Sum of nodes with even-valued grandparent¶
Time: O(N); Space: O(H); medium
Given a binary tree, return the sum of values of nodes with even-valued grandparent. (A grandparent of a node is the parent of its parent, if it exists.)
If there are no nodes with an even-valued grandparent, return 0.
Example 1:
Input: root = [6,7,8,2,7,1,3,9,null,1,4,null,null,null,5]
Output: 18
Explanation:
The red nodes are the nodes with even-value grandparent while the blue nodes are the even-value grandparents.
Constraints:
The number of nodes in the tree is between 1 and 10^4.

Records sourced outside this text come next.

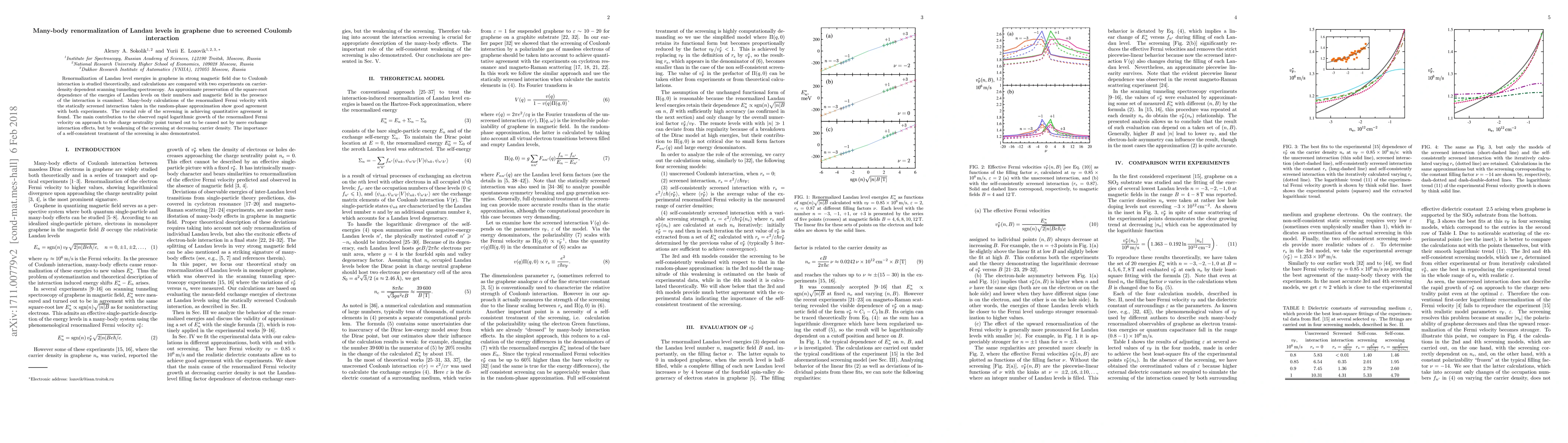 This paper investigates the renormalization of Landau levels in graphene under strong magnetic fields due to screened Coulomb interactions. Many-body calculations, incorporating the screened interaction via the random-phase approximation, demonstrate agreement with experimental data, highlighting the critical role of screening in achieving quantitative results and the impact of decreasing carrier density on the renormalized Fermi velocity.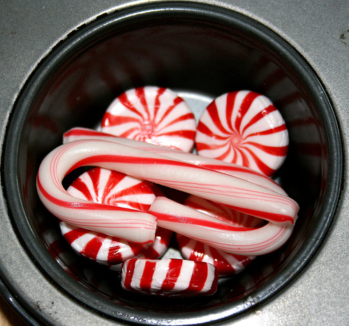 Put dark chocolate in a microwave bowl and heat on high setting in microwave 2 to 3 minutes or until chocolate is melted and smooth. Stir chocolate about every 30 seconds to make sure lumps are melting. Put white chocolate in microwave bowl and heat like dark chocolate. Put candy canes in a large freezer bag. Using a rolling pin break the candy canes into different size pieces. Place half the crushed candy canes in a strainer and shake small crumbs into dark chocolate. Place the remaining crushed candy into strainer and shake crumbs into white chocolate. Line a 9X9X9 baking pan with heavy aluminum foil. Spread dark chocolate out into bottom of pan. Spread white chocolate over the dark chocolate in pan. Sprinkle the rest of the crushed candy canes over the top. Cover and refrigerate for about 2 hours. When hardened break up pieces of candy by dropping straight down on the counter.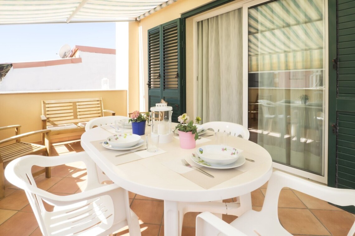 From the living room you can directly access tothe veranda, with awning, which offers a comfortable table with chairs ideal for lunch or dinner outdoors, and a comfortable sitting area.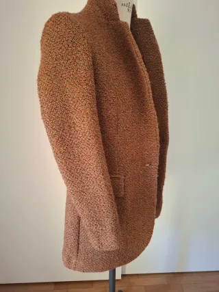 Elegante cappotto invernale con una texture particolare. - Tessuto bouclé - Colore principale marrone con sfumature arancio. - Collo a scialle. - Tasche applicate sul davanti.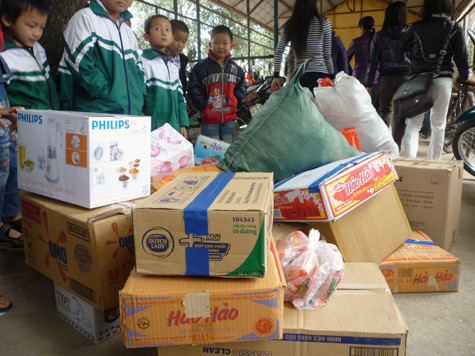 | Rất nhiều quần áo, chăn màn, mỳ tôm, sách vở đã được quyên góp gửi đến các bạn học sinh miền núi trường TH Pả Vi. (Ảnh Thu Hòe) |

The value of nodes is between 1 and 100.
Hints:
Traverse the tree keeping the parent and the grandparent.
If the grandparent of the current node is even-valued, add the value of this node to the answer.
[1]:
class TreeNode(object):
def __init__(self, x):
self.val = x
self.left = None
self.right = None
[2]:
class Solution1(object):
"""
Time: O(N)
Space: O(H)
"""
def sumEvenGrandparent(self, root):
"""
:type root: TreeNode
:rtype: int
"""
def sumEvenGrandparentHelper(root, p, gp):
return sumEvenGrandparentHelper(root.left, root.val, p) + \
sumEvenGrandparentHelper(root.right, root.val, p) + \
(root.val if gp is not None and gp % 2 == 0 else 0) \
if root else 0
return sumEvenGrandparentHelper(root, None, None)
[4]:
s = Solution1()
root = TreeNode(6)
root.left, root.right = TreeNode(7), TreeNode(8)
root.left.left, root.left.right = TreeNode(2), TreeNode(7)
root.right.left, root.right.right = TreeNode(1), TreeNode(3)
root.left.left.left = TreeNode(9)
root.left.right.left, root.left.right.right = TreeNode(1), TreeNode(4)
root.right.right.right = TreeNode(5)
assert s.sumEvenGrandparent(root) == 18